Ровно в двенадцать часов дедушка садится за обед. Он обедает один в небольшой столовой, выходящей во двор. Настасья тоже обедает одна в своей комнате рядом со столовой. Происходят переговоры.
– Настась! а Настась! Никак, осетрина-то сыровата?
– Ешьте-ка! Нечего привередничать!
– Ты бы сбегала, у повара спросила?
– И спрашивать нечего. Так это вы…
В это время по переулку раздается гром проезжающего экипажа. Настасья стремглав выбегает в залу к окну.
– Кто приехал?
– Офицер. Да молодчик какой!
– А ты и рада!
– Что ж, на вас, что ли, целый день смотреть… есть резон!
– Язва ты, язва!
После обеда дедушка часа два отдыхает; потом ему подают колоду старых замасленных карт, и начинается игра. Дома дедушка играет исключительно в дураки и любит, чтоб ему поддавались. Постоянным партнером ему служит лакей Пахом, с которым старик плутует без всяких стеснений. Подваливает ему непарные тройки и пятки, выбирает из колоды козырей и в конце концов, конечно, побеждает. От удовольствия у него даже живот колышется. Но иногда в игре принимает участие Настасья и уже не позволяет плутовать. Дедушка, оставшись раз или два дураком, прекращает игру и удаляется в спальню, где записывает дневной расход и проверяет кассу.

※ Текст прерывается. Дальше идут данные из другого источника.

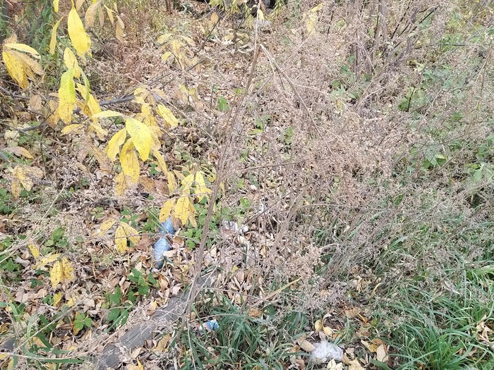 Но уже по подъезжая к курьерской службе я понял, что в одном месте мои ожидания не будут обмануты. Дело в том, что там, возле жилого дома, есть пустырь. Не заброшенное строительство, а просто клочок земли, который быстро превратился в "народный парк выгула и срезания дороги". И вот стоило мне спустится по тропинке, как я буквально оказался в окружении мусора.

– Настасья! – кричит он снова, выходя в столовую, где уже кипит самовар.
– Она у ворот сидит, – отвечает Пахом.
– Чего еще не видала! Зови сюда.
Но проходит пять – десять минут, а Настасьи нет. Пахом тоже задержался у ворот. Всем скучно с дедушкой, всем кажется, что он что-то старое-старое говорит. Наконец Настасья выплывает в столовую и молча заваривает чай.
– Что же ты молчишь?
– А что говорить-то!
– Кого видела? С кем амурничала?
– Отвяжитесь вы от меня. Как собаку на цепи держат, да еще упрекают.
– Хочешь крыжовнику?
– Ешьте сами!
Дедушке скучно. Он берет в руку хлопушку, но на дворе уже сумерки, и вести с мухами войну неудобно. Он праздно сидит у окна и наблюдает, как сумерки постепенно сгущаются. Проходит по двору кучер.
– Егор! овса лошадям задавал? – кричит дедушка.
– Иду.
– То-то. Пристяжная словно бы худеть стала. Ты смотри: ежели что, так ведь я…
– Отчего ей худеть! Кажется, я…
– Ну, ступай.
На кухонном крыльце появляется Ипат, зевает и чешет брюхо.
– Ипат! поди сюда! К арбузам давеча не приценялся?
– Арбузов привозных еще нет, а здешние дороги: полтина за штуку.
– На-тко!
– Пятиалтынного жалко! ах, эти деньги проклятые! – раздается из Настасьиной комнаты.
– А слива черная почем?
– Сливы недороги, гривенник за сотню.
– А помнишь, в коронацию? за двадцать копеек сотню отдавали – только бери… Ну, ступай! завтра возьми сотенку… да ты поторгуйся! Эхма! любишь ты зря деньги бросать!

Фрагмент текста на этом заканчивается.